Ahmedabad: Adani Enterprises is set to launch a public issue of non-convertible debentures (NCDs), marking the Adani Group’s first venture into public bonds. This ₹800 crore issue is just a small part of the group’s total borrowings, which stand at nearly ₹57,000 crore. However, it signals a strategic move towards diversifying the group’s borrowing sources over the next decade.
Jugeshinder Singh, the Chief Financial Officer of Adani Group, stated that the primary goal of this issue is to establish a domestic debt capital market for corporates in India. He mentioned that while the group doesn’t currently need this funding, it is important to develop a solid capital funding profile for the future.
Investor Allocation
The NCD issue is structured to attract individual investors, with 60% of the issue reserved for them—split equally between retail investors and high net worth individuals (HNIs). Another 30% is allocated to non-institutional corporate investors, and the remaining 10% is reserved for institutional investors like mutual funds and insurance companies.

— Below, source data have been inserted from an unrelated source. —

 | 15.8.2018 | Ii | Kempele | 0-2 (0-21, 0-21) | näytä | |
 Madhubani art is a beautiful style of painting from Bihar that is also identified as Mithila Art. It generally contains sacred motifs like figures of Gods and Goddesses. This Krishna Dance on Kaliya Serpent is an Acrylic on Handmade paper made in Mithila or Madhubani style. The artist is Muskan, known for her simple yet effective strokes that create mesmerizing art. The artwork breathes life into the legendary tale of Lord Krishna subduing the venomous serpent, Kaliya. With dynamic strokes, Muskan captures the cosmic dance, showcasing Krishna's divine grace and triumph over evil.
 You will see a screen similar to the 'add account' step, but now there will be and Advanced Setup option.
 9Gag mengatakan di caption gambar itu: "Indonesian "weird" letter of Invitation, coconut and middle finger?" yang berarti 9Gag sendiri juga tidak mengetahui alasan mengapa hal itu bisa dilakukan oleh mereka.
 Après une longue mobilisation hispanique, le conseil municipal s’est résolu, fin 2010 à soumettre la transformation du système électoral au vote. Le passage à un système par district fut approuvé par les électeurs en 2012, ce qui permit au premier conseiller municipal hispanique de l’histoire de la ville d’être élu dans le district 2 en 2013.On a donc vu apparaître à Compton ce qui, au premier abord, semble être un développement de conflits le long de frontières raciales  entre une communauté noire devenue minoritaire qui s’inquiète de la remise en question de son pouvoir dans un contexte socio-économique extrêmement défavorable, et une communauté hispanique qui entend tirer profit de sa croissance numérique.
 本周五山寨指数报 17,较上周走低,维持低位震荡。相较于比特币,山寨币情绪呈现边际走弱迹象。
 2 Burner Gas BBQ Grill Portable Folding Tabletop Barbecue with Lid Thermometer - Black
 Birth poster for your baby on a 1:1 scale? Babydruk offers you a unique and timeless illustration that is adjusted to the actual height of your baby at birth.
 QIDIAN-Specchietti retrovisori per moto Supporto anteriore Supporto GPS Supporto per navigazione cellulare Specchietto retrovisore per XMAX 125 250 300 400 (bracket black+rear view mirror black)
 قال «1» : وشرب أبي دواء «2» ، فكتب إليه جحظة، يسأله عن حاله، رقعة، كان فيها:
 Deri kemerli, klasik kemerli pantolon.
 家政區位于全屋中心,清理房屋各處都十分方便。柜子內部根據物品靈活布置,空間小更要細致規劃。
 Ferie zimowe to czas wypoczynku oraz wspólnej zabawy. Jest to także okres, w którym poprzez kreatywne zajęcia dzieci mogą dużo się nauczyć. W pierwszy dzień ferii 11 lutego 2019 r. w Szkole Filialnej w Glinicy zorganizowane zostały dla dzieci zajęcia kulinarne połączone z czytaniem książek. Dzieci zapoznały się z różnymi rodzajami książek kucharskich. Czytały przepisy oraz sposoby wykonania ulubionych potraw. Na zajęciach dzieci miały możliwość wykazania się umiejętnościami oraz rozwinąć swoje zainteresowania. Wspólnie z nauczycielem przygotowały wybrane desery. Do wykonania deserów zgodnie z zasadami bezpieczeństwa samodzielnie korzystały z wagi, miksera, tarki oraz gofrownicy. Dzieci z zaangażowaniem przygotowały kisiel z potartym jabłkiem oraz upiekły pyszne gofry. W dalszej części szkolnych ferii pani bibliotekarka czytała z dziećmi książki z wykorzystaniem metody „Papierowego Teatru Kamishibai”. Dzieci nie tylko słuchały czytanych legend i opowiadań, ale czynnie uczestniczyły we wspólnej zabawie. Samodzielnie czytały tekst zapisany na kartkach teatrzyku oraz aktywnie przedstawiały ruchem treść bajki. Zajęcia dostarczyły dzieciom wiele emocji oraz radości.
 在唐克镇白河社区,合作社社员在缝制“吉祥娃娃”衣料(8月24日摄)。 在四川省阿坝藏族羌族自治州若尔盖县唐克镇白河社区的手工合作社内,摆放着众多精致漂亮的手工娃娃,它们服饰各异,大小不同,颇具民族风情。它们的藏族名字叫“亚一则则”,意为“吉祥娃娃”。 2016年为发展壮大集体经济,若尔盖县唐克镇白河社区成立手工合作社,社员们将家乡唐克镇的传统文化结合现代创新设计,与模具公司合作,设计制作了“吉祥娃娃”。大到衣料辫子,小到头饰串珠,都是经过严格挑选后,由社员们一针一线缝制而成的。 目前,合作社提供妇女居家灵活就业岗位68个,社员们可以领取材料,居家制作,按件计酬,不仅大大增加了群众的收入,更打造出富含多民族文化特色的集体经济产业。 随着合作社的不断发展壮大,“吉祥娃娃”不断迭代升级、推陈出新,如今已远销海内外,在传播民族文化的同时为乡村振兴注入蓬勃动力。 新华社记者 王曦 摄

Singh explained that although the group hasn’t set specific targets for debt allocation across different sources, domestic debt capital markets could eventually make up 5-10% of the Adani Group’s borrowings. This figure could increase to 15%, depending on market conditions and the risk profiles of different businesses within the group.
Evolution of Debt Profile
Over the past eight years, the Adani Group’s debt profile has changed significantly. The share of borrowings from public sector banks, which used to make up more than half of the group’s debt, has now dropped to about an eighth as of March 2024. At the same time, exposure to international banks has increased to 28% from zero. The group has also significantly increased its reliance on bonds, with debt exposure from bond issuances more than doubling to 31% as of March 2024.
Strategic and National Motivation
The Adani Group is focused on the growth of energy and logistics in India—sectors that require stable, long-term debt capital. However, relying heavily on international lenders exposes the group to risks from global market fluctuations, as seen with the recent rise in interest rates led by the US Federal Reserve. Some Indian companies with large foreign debt struggled to refinance during this period as global investors preferred safer markets.
To mitigate these risks, Singh emphasized the need to tap into unmonetized domestic assets like gold and land. He also highlighted the geopolitical significance of using domestic capital, arguing that the financial benefits of India’s infrastructure growth should benefit Indians rather than foreign investors.
Singh concluded by saying that the Adani Group aims to help build India’s future at a rapid pace, much faster than other developed countries have done in the past. He expressed confidence that future generations will look back on this period as a time when India seized its opportunities rather than faltering.